> **PROBLEM STATEMENT**: Please output the listing exactly as it stands, but omit any images.

> **INFORMATION SHOWN**:
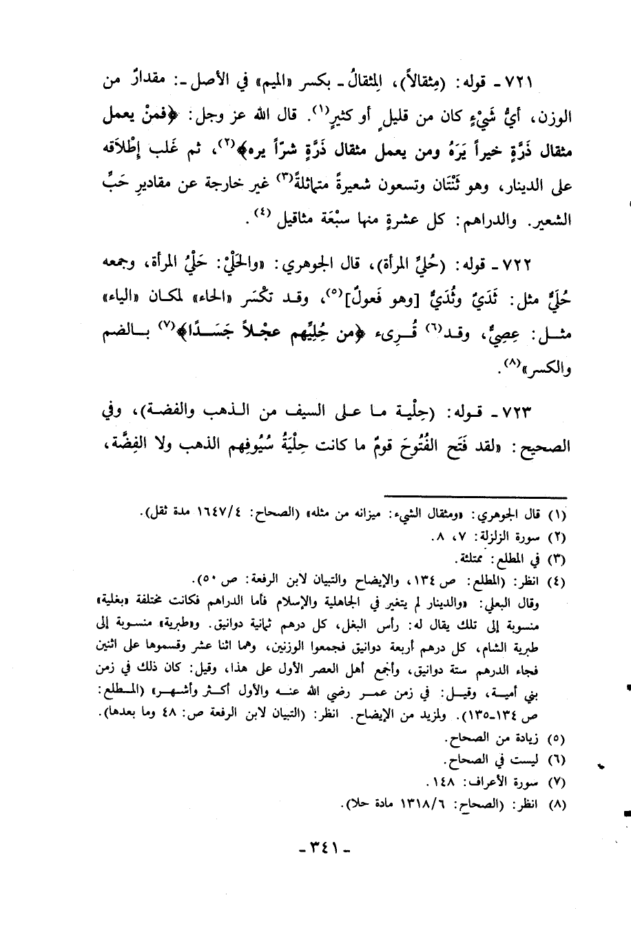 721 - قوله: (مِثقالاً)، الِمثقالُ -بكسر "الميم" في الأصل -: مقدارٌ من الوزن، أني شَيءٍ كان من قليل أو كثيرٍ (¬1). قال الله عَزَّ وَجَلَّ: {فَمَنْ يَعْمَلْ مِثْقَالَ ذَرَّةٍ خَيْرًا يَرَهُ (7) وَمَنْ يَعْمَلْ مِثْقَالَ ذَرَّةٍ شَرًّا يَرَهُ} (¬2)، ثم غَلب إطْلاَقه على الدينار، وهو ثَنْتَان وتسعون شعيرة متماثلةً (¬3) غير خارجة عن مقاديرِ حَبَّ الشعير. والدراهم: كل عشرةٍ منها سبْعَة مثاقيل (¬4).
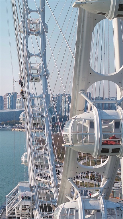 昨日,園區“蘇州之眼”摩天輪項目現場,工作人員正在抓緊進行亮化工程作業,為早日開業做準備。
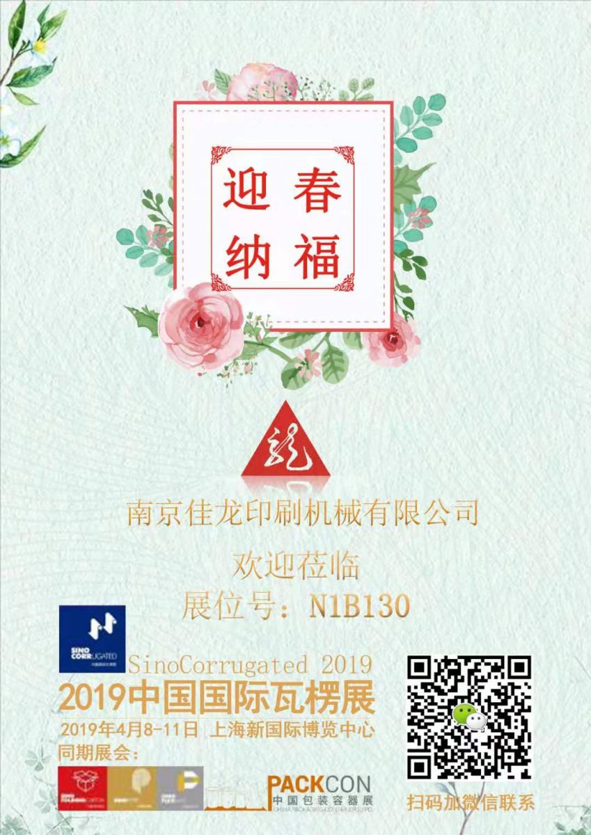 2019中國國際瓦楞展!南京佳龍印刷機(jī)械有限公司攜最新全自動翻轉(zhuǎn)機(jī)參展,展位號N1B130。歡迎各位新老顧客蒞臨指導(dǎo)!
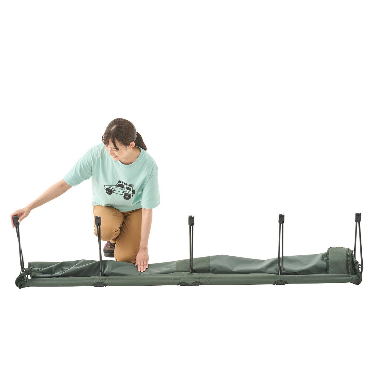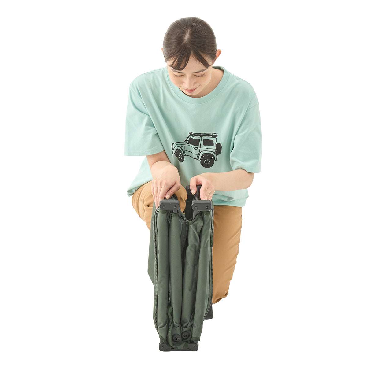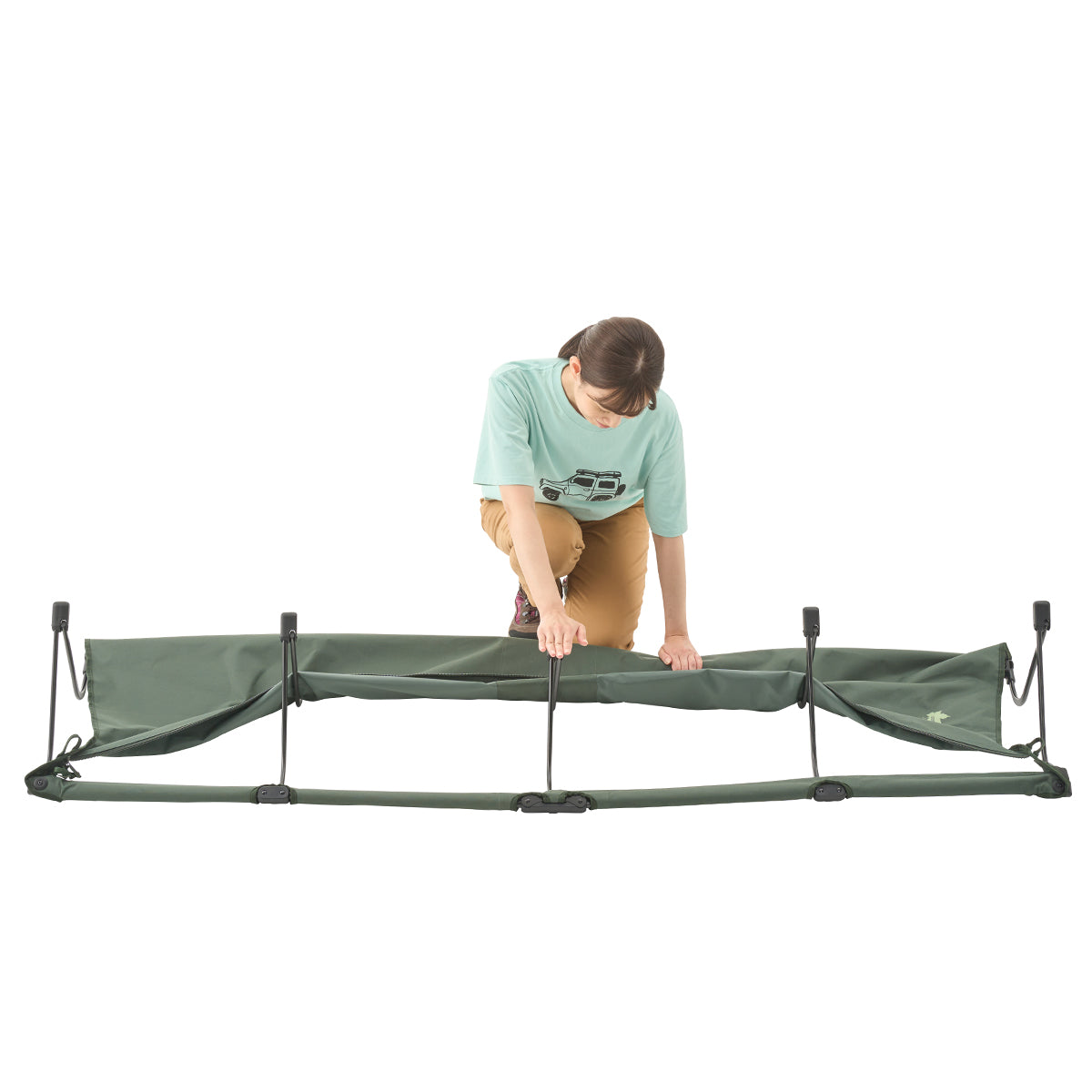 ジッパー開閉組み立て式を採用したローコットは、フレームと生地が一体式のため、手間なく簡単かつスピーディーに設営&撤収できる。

> **YOUR SOLUTION**:
 721 - قوله: (مِثقالاً)، الِمثقالُ -بكسر "الميم" في الأصل -: مقدارٌ من الوزن، أني شَيءٍ كان من قليل أو كثيرٍ (¬1). قال الله عَزَّ وَجَلَّ: {فَمَنْ يَعْمَلْ مِثْقَالَ ذَرَّةٍ خَيْرًا يَرَهُ (7) وَمَنْ يَعْمَلْ مِثْقَالَ ذَرَّةٍ شَرًّا يَرَهُ} (¬2)، ثم غَلب إطْلاَقه على الدينار، وهو ثَنْتَان وتسعون شعيرة متماثلةً (¬3) غير خارجة عن مقاديرِ حَبَّ الشعير. والدراهم: كل عشرةٍ منها سبْعَة مثاقيل (¬4).
 昨日,園區“蘇州之眼”摩天輪項目現場,工作人員正在抓緊進行亮化工程作業,為早日開業做準備。
 2019中國國際瓦楞展!南京佳龍印刷機(jī)械有限公司攜最新全自動翻轉(zhuǎn)機(jī)參展,展位號N1B130。歡迎各位新老顧客蒞臨指導(dǎo)!
 ジッパー開閉組み立て式を採用したローコットは、フレームと生地が一体式のため、手間なく簡単かつスピーディーに設営&撤収できる。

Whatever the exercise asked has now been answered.